__Dataset excerpts__.
*****

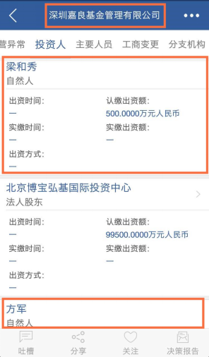 这位借款人就是深圳嘉良基金管理有限公司,菜导查它的工商信息,发现在股东信息中,方军、梁和秀赫然在列!
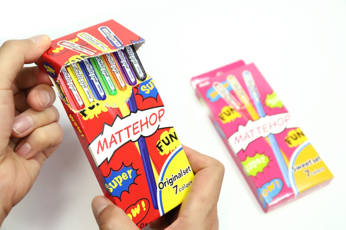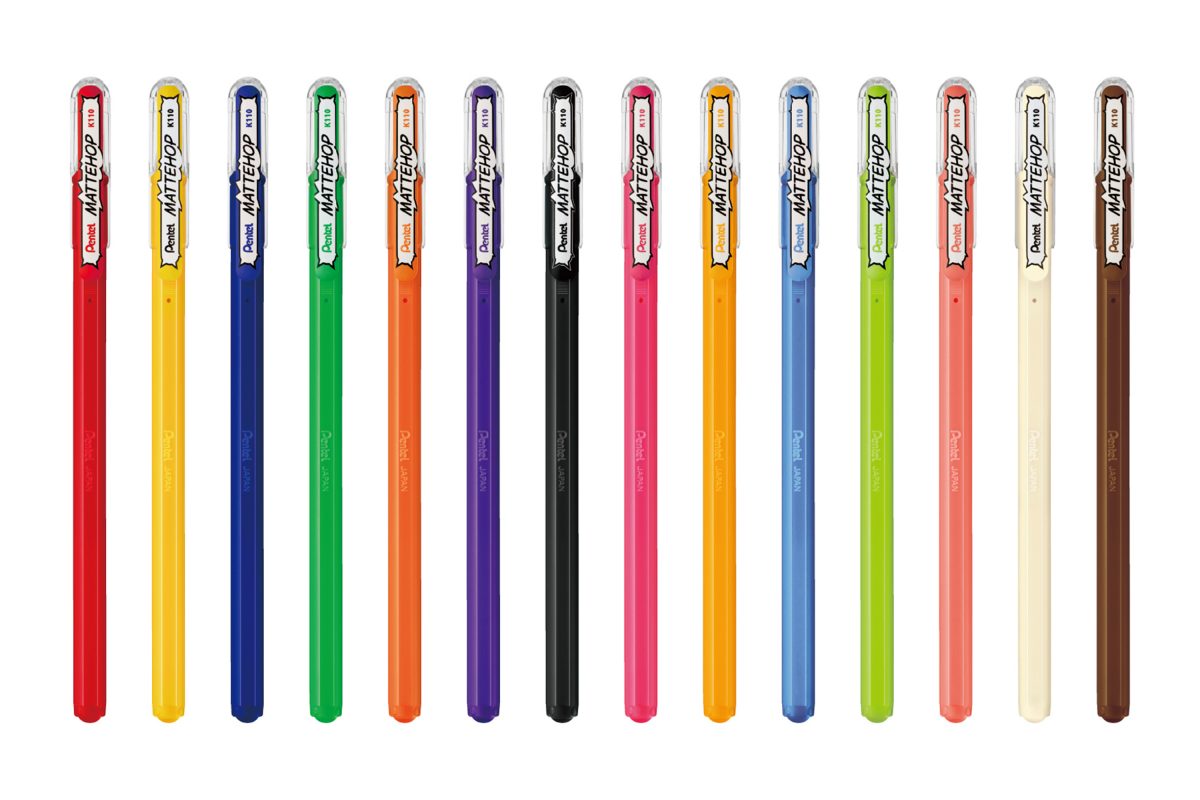 ぺんてるから発売された「MATTEHOP(マットホップ)」は、とにかくパキッと鮮やかでマットな発色に特化した、顔料ゲルインキボールペンである。ボール径は1.0mmでカラーラインナップは全14色。もちろん単色売りもあるが、原色系の「オリジナル」と、ちょい甘めな「スイート」の各7色セットがおすすめだ。なぜならパッケージがお菓子みたいでかわいいから。
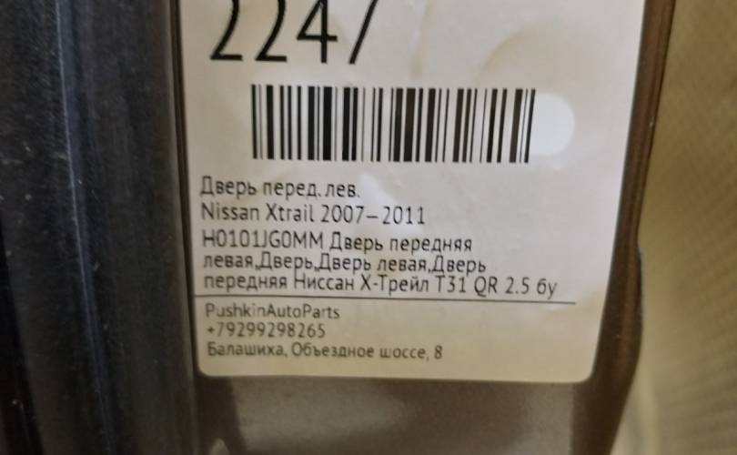 Дверь Nissan Xtrail 2007—2011 H0101JG0MM T31, передняя левая
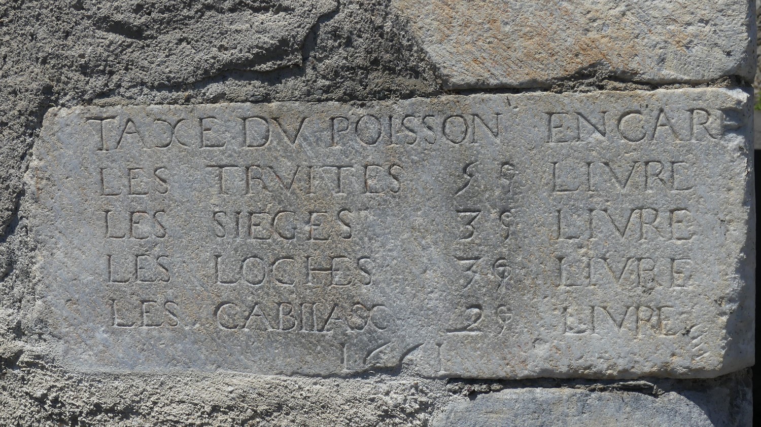 A la porte Cabirole une inscription fait état de la taxe du poisson en Carême. Elle date de 1661.
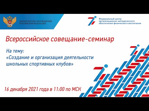 16 декабря 2021 года в 11:00 состоялся совещание-семинар на тему «Создание и организация деятельности школьных спортивных клубов» в формате ВКС с представителями субъектов Российской Федерации по вопросам развития физической культуры и спорта в системе образования Российской Федерации.
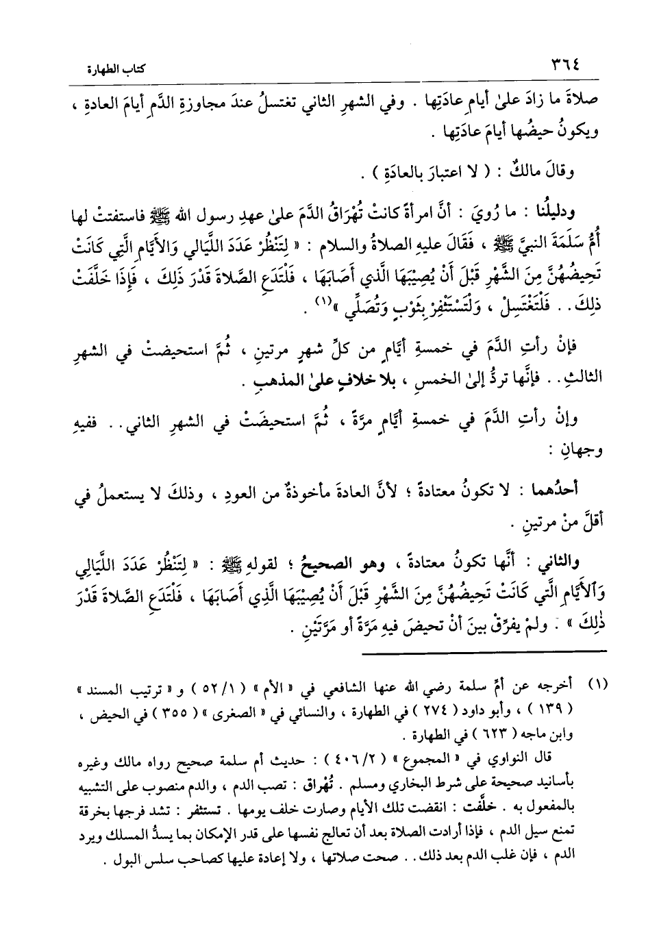 ودليلنا: ما روي: «أن امرأة كانت تهراق الدم على عهد رسول الله - صَلَّى اللَّهُ عَلَيْهِ وَسَلَّمَ - فاستفتت لها أم سلمة النبي - صَلَّى اللَّهُ عَلَيْهِ وَسَلَّمَ -، فقال - عَلَيْهِ الصَّلَاةُ وَالسَّلَامُ -: "لتنظر عدد الليالي والأيام التي كانت تحيضهن من الشهر قبل أن يصيبها الذي أصابها، فلتدع الصلاة قدر ذلك، فإذا خلفت ذلك.. فلتغتسل، ولتستثفر بثوب وتصلي» .

*****

__TASK OBJECTIVE__. Your answer must be an exact copy of the records, free of images.

__RESPONSE TO THIS TASK__.
 这位借款人就是深圳嘉良基金管理有限公司,菜导查它的工商信息,发现在股东信息中,方军、梁和秀赫然在列!
 ぺんてるから発売された「MATTEHOP(マットホップ)」は、とにかくパキッと鮮やかでマットな発色に特化した、顔料ゲルインキボールペンである。ボール径は1.0mmでカラーラインナップは全14色。もちろん単色売りもあるが、原色系の「オリジナル」と、ちょい甘めな「スイート」の各7色セットがおすすめだ。なぜならパッケージがお菓子みたいでかわいいから。
 Дверь Nissan Xtrail 2007—2011 H0101JG0MM T31, передняя левая
 A la porte Cabirole une inscription fait état de la taxe du poisson en Carême. Elle date de 1661.
 16 декабря 2021 года в 11:00 состоялся совещание-семинар на тему «Создание и организация деятельности школьных спортивных клубов» в формате ВКС с представителями субъектов Российской Федерации по вопросам развития физической культуры и спорта в системе образования Российской Федерации.
 ودليلنا: ما روي: «أن امرأة كانت تهراق الدم على عهد رسول الله - صَلَّى اللَّهُ عَلَيْهِ وَسَلَّمَ - فاستفتت لها أم سلمة النبي - صَلَّى اللَّهُ عَلَيْهِ وَسَلَّمَ -، فقال - عَلَيْهِ الصَّلَاةُ وَالسَّلَامُ -: "لتنظر عدد الليالي والأيام التي كانت تحيضهن من الشهر قبل أن يصيبها الذي أصابها، فلتدع الصلاة قدر ذلك، فإذا خلفت ذلك.. فلتغتسل، ولتستثفر بثوب وتصلي» .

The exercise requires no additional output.